Certainly many of the transactions of the "big three" insurance companies of New York have been too delicate for entry upon the regular books of those corporations, and had to be kept as "non-ledger" accounts. In the Equitable affairs there appears to have been one item of this nature amounting to more than $600,000.
And what can be made of the books of such banking and fiduciary magnates at the best, when Mr. Perkins, chairman of the finance committee of the New York Life Insurance Company, testifies under oath in the legislative investigation that his company, not wishing to have the public find a certain investment of $800,000 in the bonds of the International Mercantile Marine Company, exchanged those bonds on December 31, 1903, with J. P. Morgan & Co., of which firm Mr. Perkins is a member, for a check of the same amount, $800,000, and then, on January 2, 1904, re-exchanged check and securities? In this way the insurance company, in its sworn report to the Insurance Commissioner of New York, could show $800,000 cash assets, instead of that particular amount of the Marine Company's bonds.
Likewise in the creditors' suit growing out of the financial collapse of Mr. Daniel J. Sully, the cotton plunger. That gentleman swore that his partners, Mr. Frank H. Ray of the Tobacco Trust, and Mr. Edwin Hawley, president of the Iowa Central Railway, had caused his ruin by treacherously selling him out. Mr. Hawley testified that of all their cotton gambling, amounting to millions of dollars, no record was kept.
"I have usually found backers where I saw profit," said Mr. John W. Gates, testifying before the Inter-State Commerce Commission as to how and why he wrested the Louisville and Nashville Railroad out of Mr. August Belmont's hands, and how in the middle of the night he (Gates) was roused from his couch and induced to name his own price to transfer the road to Mr. J. Pierpont Morgan's hands. Mr. Morgan called Mr. Gates "a dangerous element in the railway world"; and Mr. Belmont pointed to the appreciating stock while the road was in Mr. Gates' hands as indicative, not so much of good railroad management, as of "good market management."
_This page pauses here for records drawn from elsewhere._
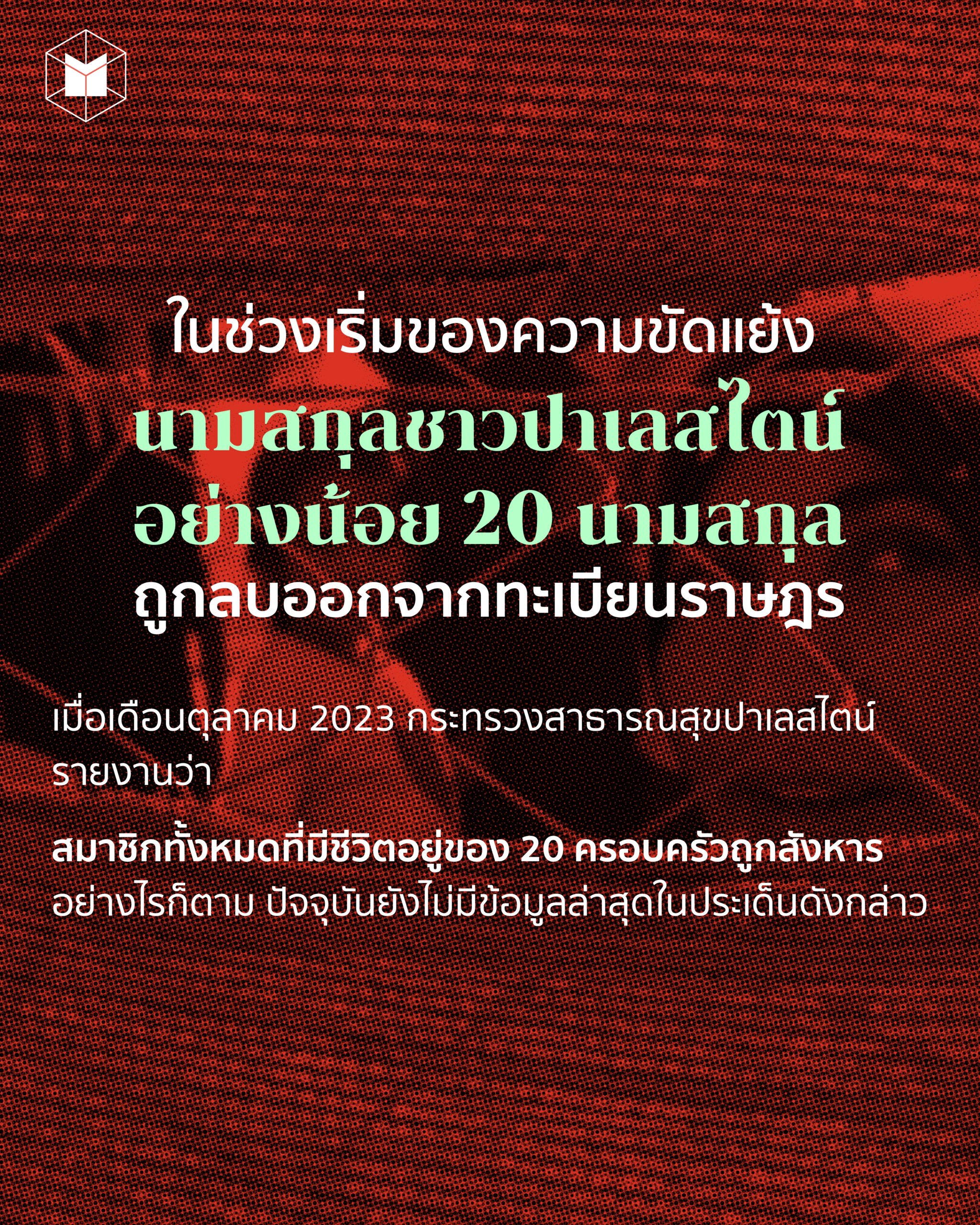 นามสกุลชาวปาเลสไตน์อย่างน้อย 20 นามสกุล ถูกลบออกจากทะเบียนราษฎร
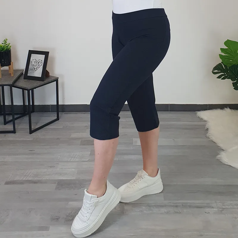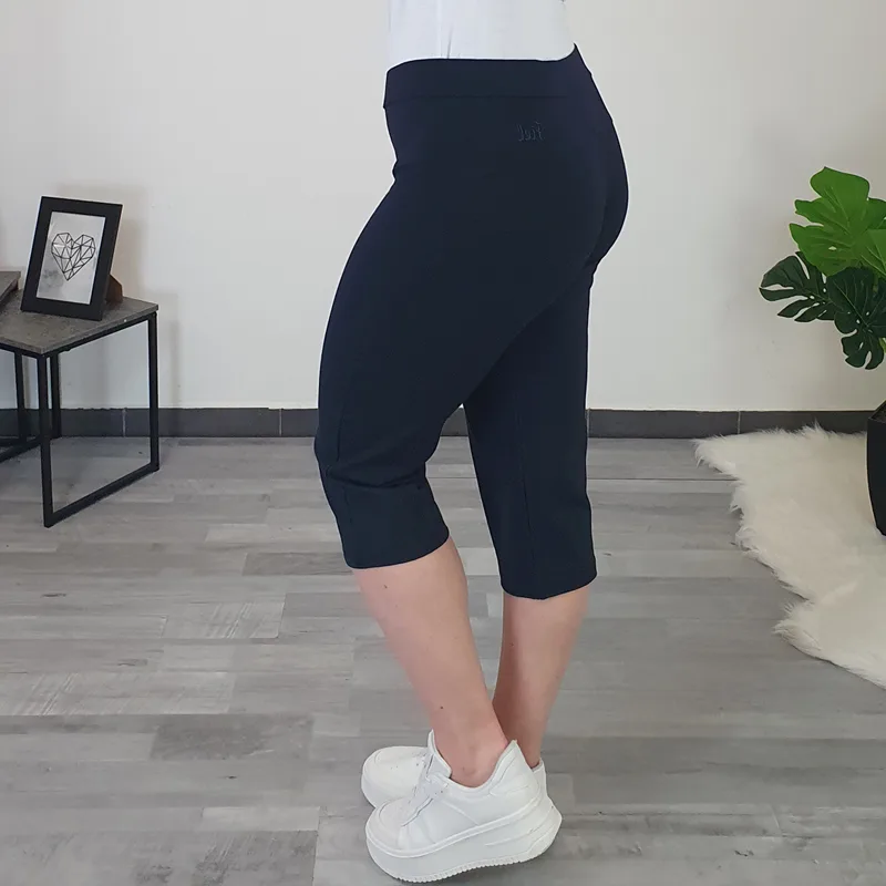 Sportske hlače 208 u tamnoplavoj boji. Hlače imaju viši struk i gumicu u struku, nogavice su nekoliko šire i dužine 3/4. Izrađene su od kvalitetnog pamuka, elastične su i ugodne za nošenje. Dostupne su od broja M do 4XL.
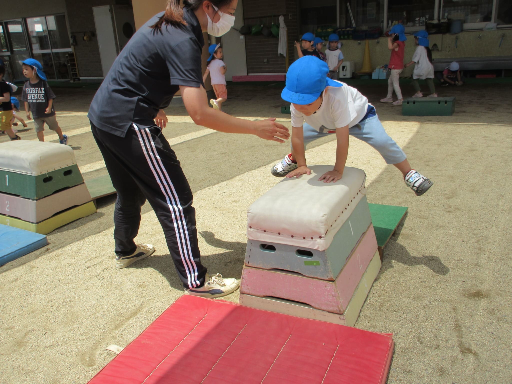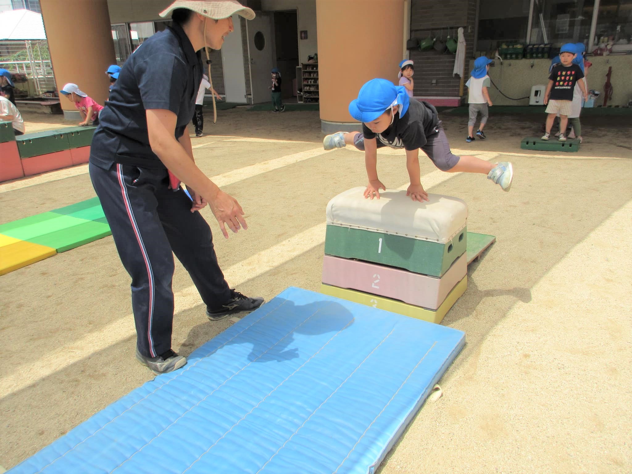 「あと、跳び箱を腕をぎゅと押したら跳べるようになるよ!」と
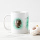 Celebrate your French Bulldog with two photo spots, name personalization, and a soft mint green watercolor wash. The design showcases a delicate silhouette and the poetic line: 'Minty mornings hush the world to Frenchie joy'. A gentle keepsake for dog lovers.

What does all this signify? Equality among the citizens? Does it not show, on the contrary, that some have potent advantages? President Woodrow Wilson of Princeton University was reported to have said at a public dinner that such has become the advanced state of Wall Street affairs that "leaders in the world of finance manipulate the destinies of the nation." Who are the "leaders in the world of finance"? They belong to the class who possess special advantages, created or sanctioned by Government -- advantages which, as has been seen, have been placed in four categories: (1) ownership of natural opportunities; (2) taxes on production and its fruits; (3) franchise grants; and (4) powers to manipulate the general finances and juggle the general market, and also court immunities, which powers, when not expressly created, are at least fostered by Government.
What are the comparatively few men possessing these advantages but Princes of Privilege?